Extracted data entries

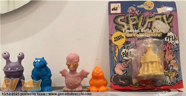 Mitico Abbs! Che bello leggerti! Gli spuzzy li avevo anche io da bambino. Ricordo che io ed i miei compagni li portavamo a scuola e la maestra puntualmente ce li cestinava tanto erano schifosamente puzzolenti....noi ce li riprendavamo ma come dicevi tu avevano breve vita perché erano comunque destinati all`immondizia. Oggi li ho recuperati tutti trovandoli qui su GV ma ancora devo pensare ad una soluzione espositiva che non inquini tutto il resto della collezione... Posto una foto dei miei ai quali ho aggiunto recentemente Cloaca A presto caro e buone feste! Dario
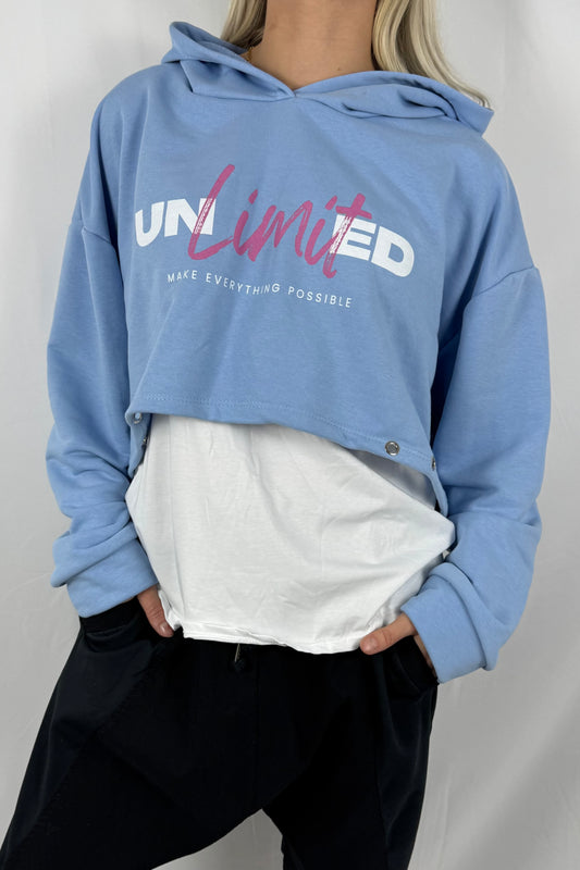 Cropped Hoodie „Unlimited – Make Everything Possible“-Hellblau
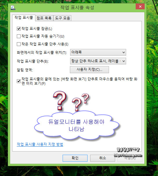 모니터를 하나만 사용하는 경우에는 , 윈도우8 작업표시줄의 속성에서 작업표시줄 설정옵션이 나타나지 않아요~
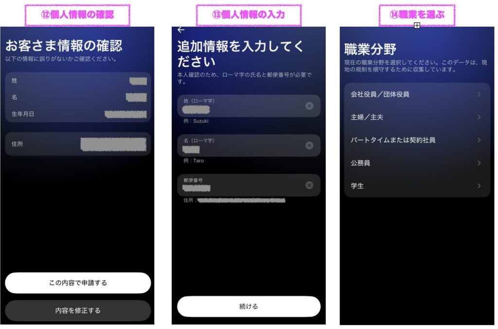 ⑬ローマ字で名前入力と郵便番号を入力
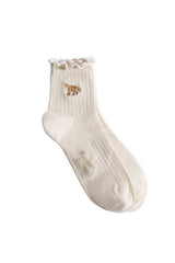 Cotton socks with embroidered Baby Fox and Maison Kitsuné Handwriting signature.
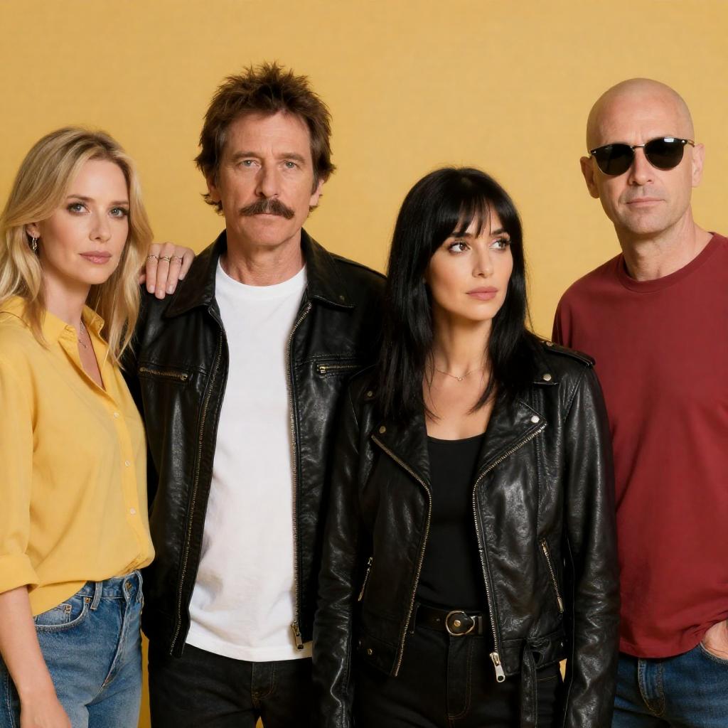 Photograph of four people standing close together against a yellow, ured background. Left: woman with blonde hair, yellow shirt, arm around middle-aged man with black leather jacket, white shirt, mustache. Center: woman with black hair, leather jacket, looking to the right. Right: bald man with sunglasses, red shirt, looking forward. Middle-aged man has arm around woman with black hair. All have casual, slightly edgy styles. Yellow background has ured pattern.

• [WHAT YOU SHOULD DO] Starting at the line that contains "Cotton socks with" and ending with the last line of the data, transcribe every line exactly; skip the pictures.

• [ANSWER SPACE]
 Cotton socks with embroidered Baby Fox and Maison Kitsuné Handwriting signature.
 Photograph of four people standing close together against a yellow, ured background. Left: woman with blonde hair, yellow shirt, arm around middle-aged man with black leather jacket, white shirt, mustache. Center: woman with black hair, leather jacket, looking to the right. Right: bald man with sunglasses, red shirt, looking forward. Middle-aged man has arm around woman with black hair. All have casual, slightly edgy styles. Yellow background has ured pattern.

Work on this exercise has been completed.